A Journey Through Personal Albums and Exploring the Intersection of Tech and Humanity
Welcome to my personal blog that delves into the intricate tapestry of personal albums and the fascinating intersection of ever-evolving technology and humanity. Come along on a journey with me as we delve into the seamless fusion of creativity, state-of-the-art AI and robotics, intricately interwoven within the tapestry of our shared awareness.
Hover your mouse over the image and see the AI genereated caption and rating. Have fun!
AI Headphones Let You Listen to a Single Person in a Crowded Noisy Environment
Imagine being able to focus on a single person's voice in a crowded, noisy environment without any distractions. Apple’s AirPods Pro, for instance, use AI to automatically adjust sound levels by sensing when they’re in conversation. Apple called them Adaptive Noise Control, Personalized Volume, and Conversation Awareness.
Adaptive Noise Control can seamlessly blend Active Noise Cancellation and Transparency mode to adjust the level of noise control based on the changing noise conditions in your surroundings.
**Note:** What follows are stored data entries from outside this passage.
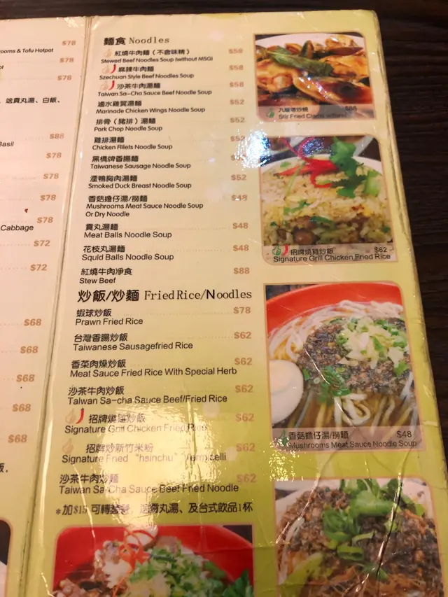 四式台灣香腸(4條)| Assorted Taiwan Sausage (4pc) $66四款香腸分別是:飛魚卵、櫻花蝦、墨魚和黑鮪魚。台灣香腸的特色都是皮脆而且帶甜味,飛魚卵香腸帶一點日式芥末的味道,很適合作為小食。櫻花蝦的味道則較為淡,要細心品嚐才吃得到它的味道。墨魚和黑鮪魚則略帶海鮮味。••••••••••••••••••••••••••••••麻辣牛肉麵 | Szechuan Style Beef Noodles Soup $58湯底牛肉味濃,牛肉十分入味牛肉味又突出,肉質軟嫩,配以少許麻辣,更為惹味,但麵條略為淋身。••••••••••••••••••••••••••••••鹽酥雞肉燥飯 $56鹽酥雞肉十分邪惡,但很有夜市風味,肉燥入味,飯的份量足夠,整體份量不算少。••••••••••••••••••••••••••••••炸鹽酥菇 | Deep Fried Mushroom $48很有台灣夜市的味道,香口,較為重口味。••••••••••••••••••••••••••••••蝦球炒飯 | Prawn Fried Rice $78賣相一般,味道濃,飯炒得夠乾身,但性價比來說比較推薦牛肉麵或炸雞排肉燥飯。••••••••••••••••••••••••••••••台灣香腸炒飯 | Taiwanese Sausagefried Rice $62台灣香腸可口美味,飯炒得夠乾身,份量適中。••••••••••••••••••••••••••••••香菇擔仔撈麵 | Mushrooms Meat Sauce with Dry Noodle $48肉碎份量充足,味道剛好,香菇味不太突出,但麵條略為淋身。••••••••••••••••••••••••••••••+$15更可多配貢丸湯及飲品貢丸湯湯底為牛肉湯,配以炸蒜,十分香濃,貢丸口感彈牙有香菇的味道。••••••••••••••••••••••••••••••珍珠奶茶 | Pearl Milk Tea ;茉香奶茶 |Jasmine Milk Tea珍珠奶茶的味道中規中矩,不會過甜,珍珠略為太硬。 茉香奶茶的茉香味香濃,甜度適中,飲完不會太膩。••••••••••••••••••••••••••••••查看更多
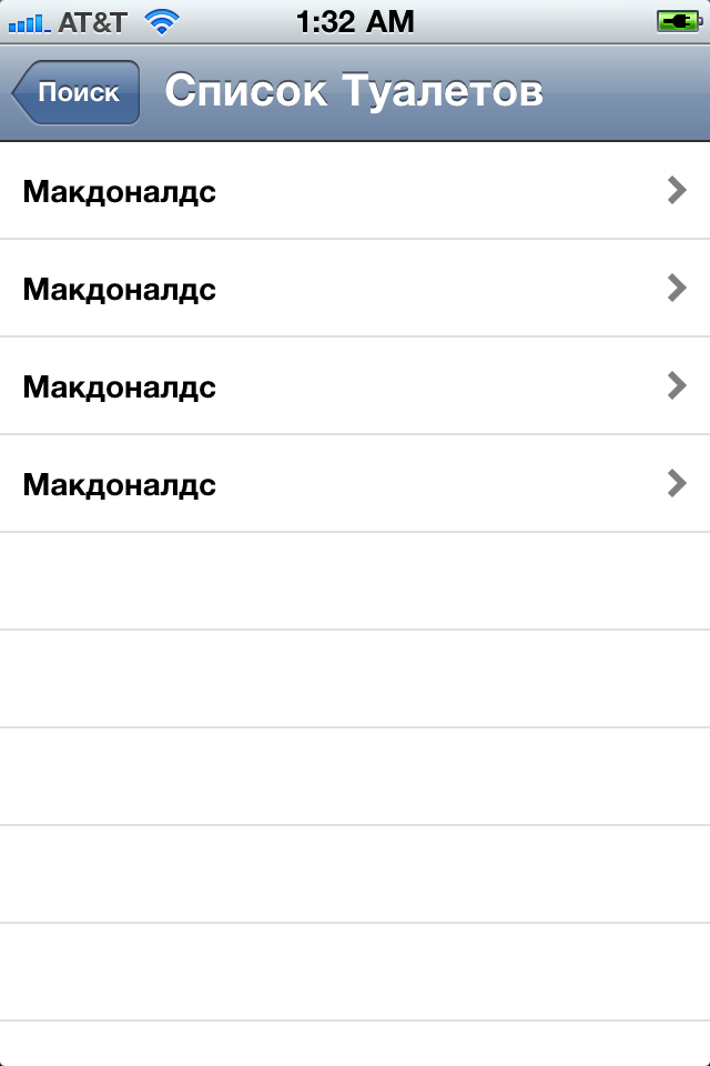 There is a big problem in Moscow to find a public restroom. You can't just ask people on the street where to find nearest restroom and internet is not always available. The M-Toilet app is designed to solve this problem. It provides you with a list of restrooms near every underground metro station in Moscow. And the most amazing thing is that you don't need internet connection. All data is stored on your iPhone/iPod touch. Isn't it amazing?! The current first version of the app includes information about more than a 100 restrooms located in Moscow McDonald's.
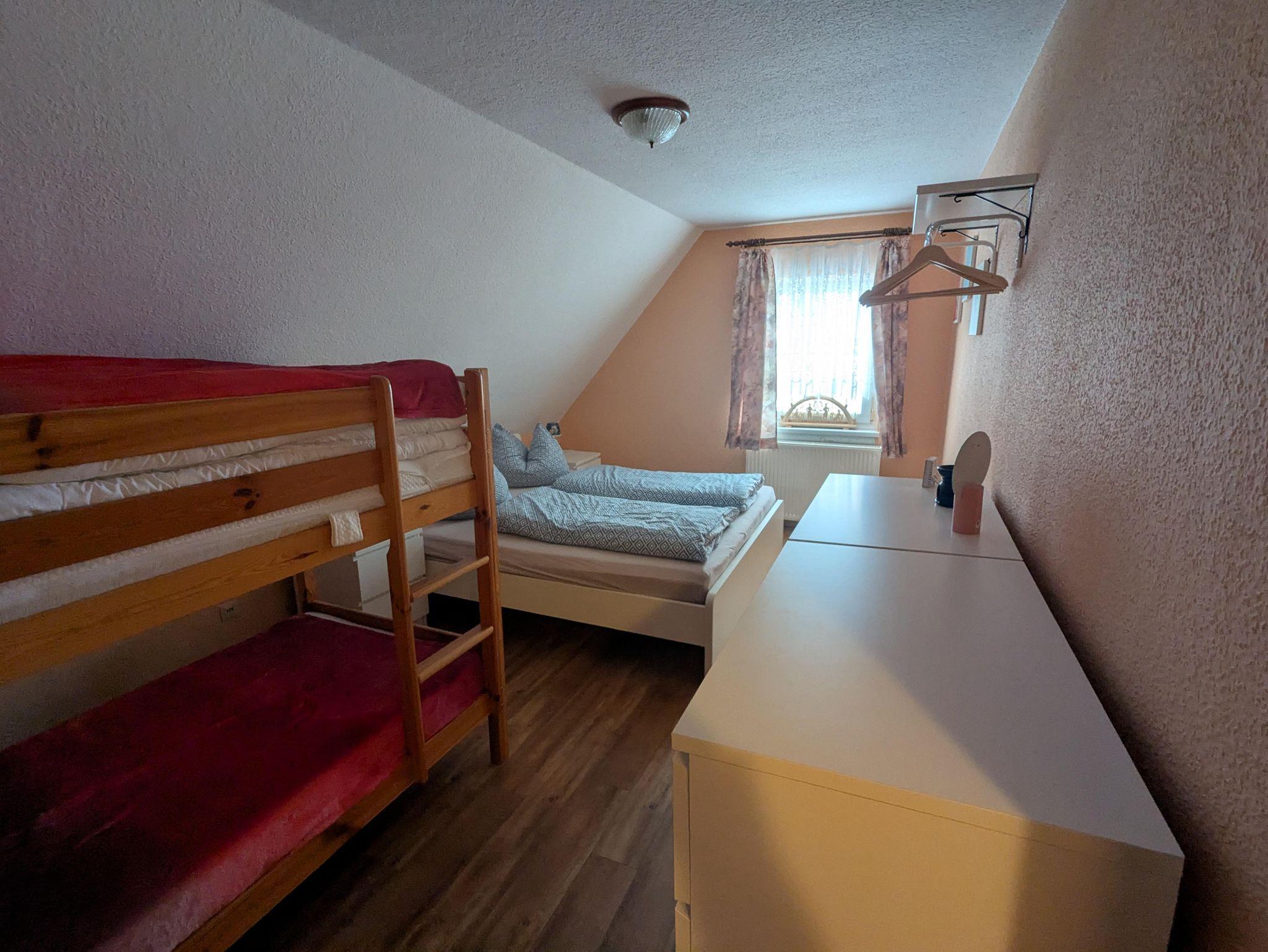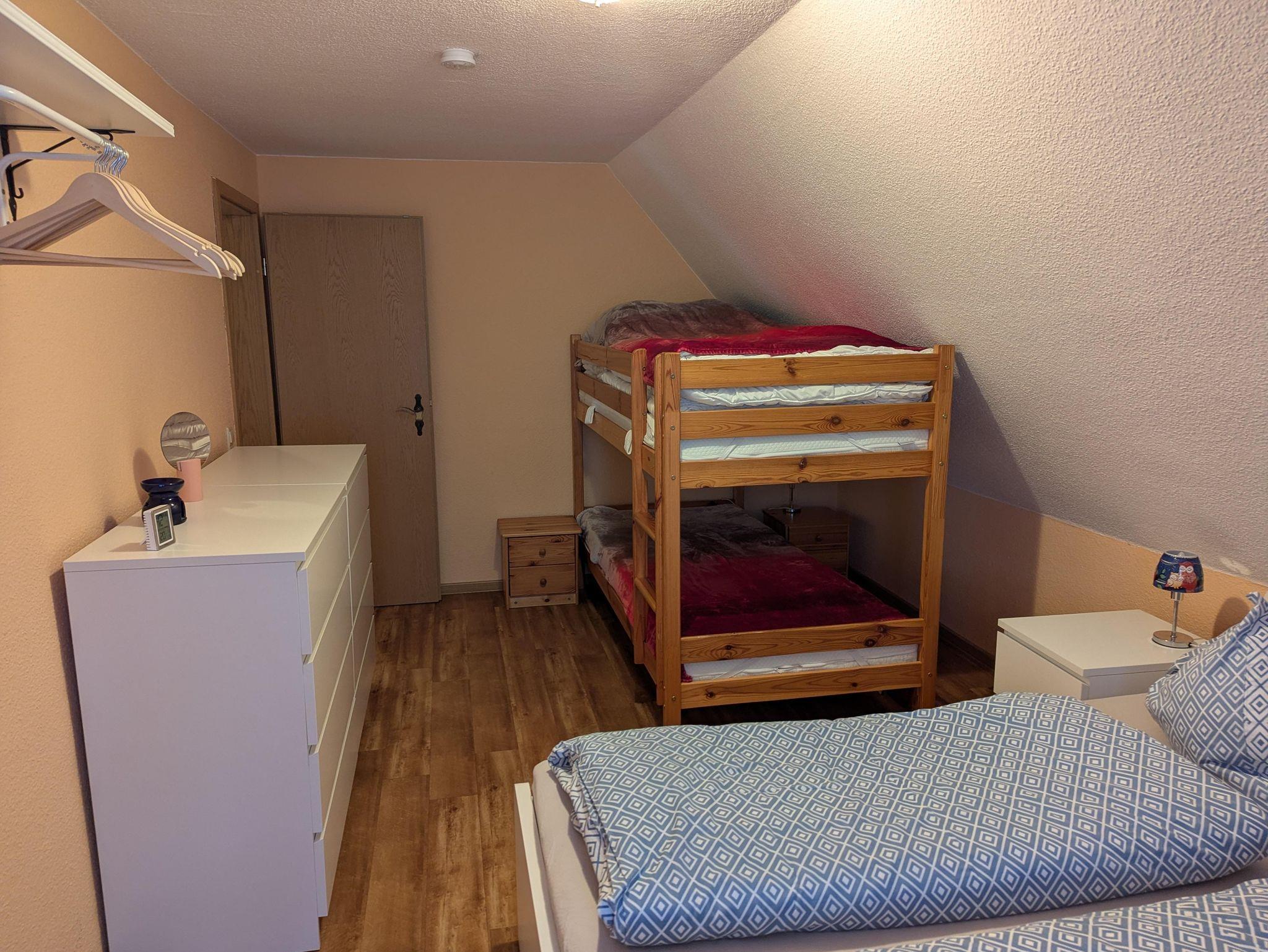 Der Schlafraum ist mit einem Doppelbett sowie einem Etagenbett ausgestattet. Ein zweiter Schlafraum hat zwei Einzelbetten. Je 1x Bettwäsche und Handtücher pro Person sind bei uns im Preis inbegriffen. Für unsere ganz kleinen Gäste stehen ein Babybett (Reisebett), ein Laufgitter und ein Hochstuhl zur Verfügung.
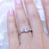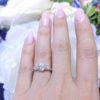 Three stone engagement ring with a very unique look. All three stones are G SI1, the two ovals total 0.60cts, and the center pear is 0.83cts, for a total ring carat weight of 1.43cts. This ring is special because it is very difficult to match stones of different shapes with the same color and clarity. All jewelry sales come with an appraisal including replacement value. Rings will be sized according to costumer request.
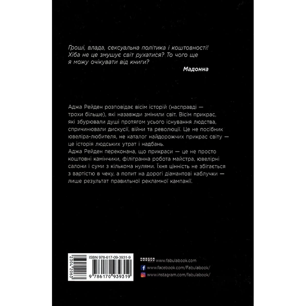 Задумывались ли вы о том, почему на помолвку традиционно дарят обручальное кольцо с бриллиантом, а жемчужины ассоциируются с богатством и аристократизмом? Слышали ли когда-нибудь об Испанской Армаде и Эльдорадо? Знали, что наручные часы поначалу были женским аксессуаром? Нет? Это эта книга для вас. Аджа Рейден в невероятно иронической манере отвечает на эти и другие вопросы, рассказывая, как формируется цена и ценность драгоценностей и действительно ли они так дороги.

This means that whether you're in a quiet library or a bustling city street, AirPods Pro will automatically optimize the noise cancellation or transparency to suit your environment.
Personalized Volume can learn your listening preferences over time and adjusts the media volume on your AirPods Pro based on your surrounding environment. This means that if you're in a noisy environment, your earbuds will automatically increase the volume to ensure you can hear your media clearly, while in quieter settings, the volume will be adjusted accordingly.
These are great features but user has little control over whom to listen to or when this happens. Thanks to groundbreaking research from the University of Washington (UW), this is now possible with a new AI system called Target Speech Hearing (TSH).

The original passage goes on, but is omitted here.